▶ _What needs to be done_
Set down, exactly and only, everything from the line containing "Welche Informationen müssen" down to the line containing "Das Modell in" in the data below; the pictures are not part of the copy.

▶ _Material shown_
##############################

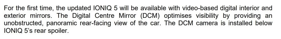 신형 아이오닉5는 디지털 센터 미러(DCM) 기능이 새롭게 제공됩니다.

##############################

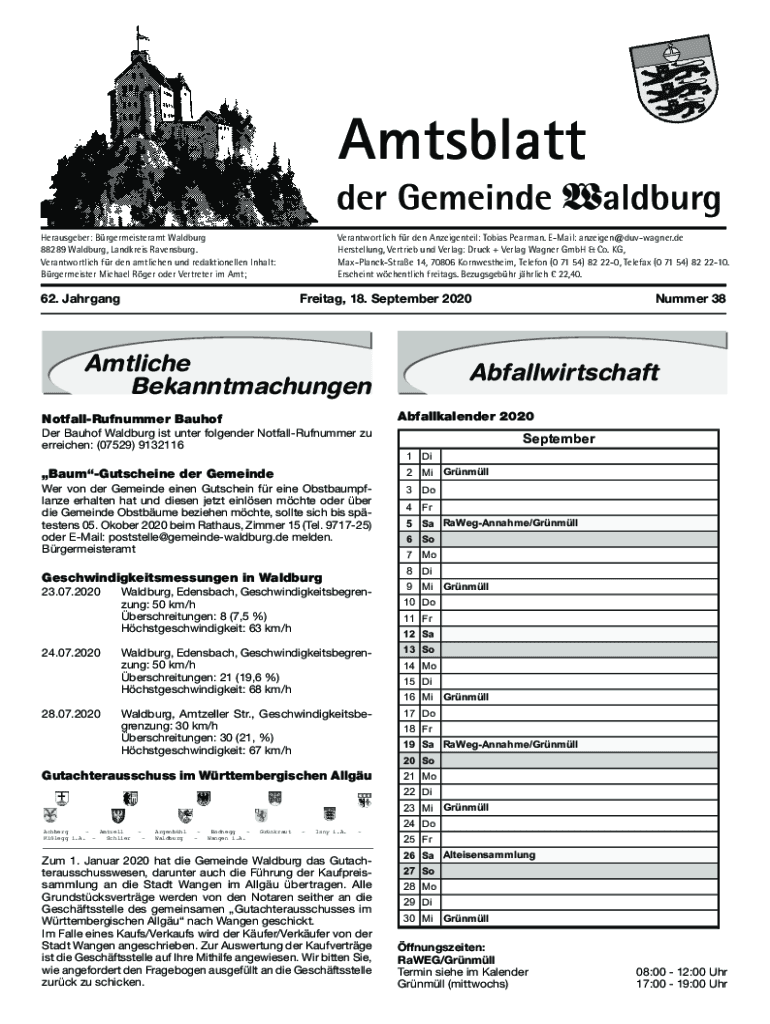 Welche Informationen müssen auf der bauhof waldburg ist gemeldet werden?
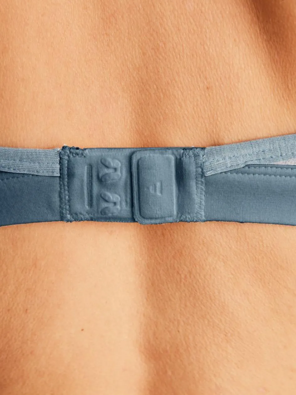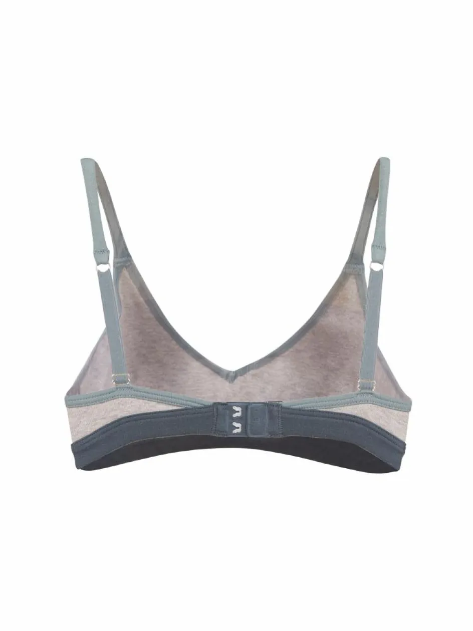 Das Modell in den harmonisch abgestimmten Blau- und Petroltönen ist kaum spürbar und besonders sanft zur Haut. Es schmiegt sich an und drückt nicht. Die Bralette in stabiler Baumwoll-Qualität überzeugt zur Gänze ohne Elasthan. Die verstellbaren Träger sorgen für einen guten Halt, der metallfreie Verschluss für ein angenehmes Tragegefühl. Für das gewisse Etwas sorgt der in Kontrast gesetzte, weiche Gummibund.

##############################

▶ _Solved problem_
 Welche Informationen müssen auf der bauhof waldburg ist gemeldet werden?
 Das Modell in den harmonisch abgestimmten Blau- und Petroltönen ist kaum spürbar und besonders sanft zur Haut. Es schmiegt sich an und drückt nicht. Die Bralette in stabiler Baumwoll-Qualität überzeugt zur Gänze ohne Elasthan. Die verstellbaren Träger sorgen für einen guten Halt, der metallfreie Verschluss für ein angenehmes Tragegefühl. Für das gewisse Etwas sorgt der in Kontrast gesetzte, weiche Gummibund.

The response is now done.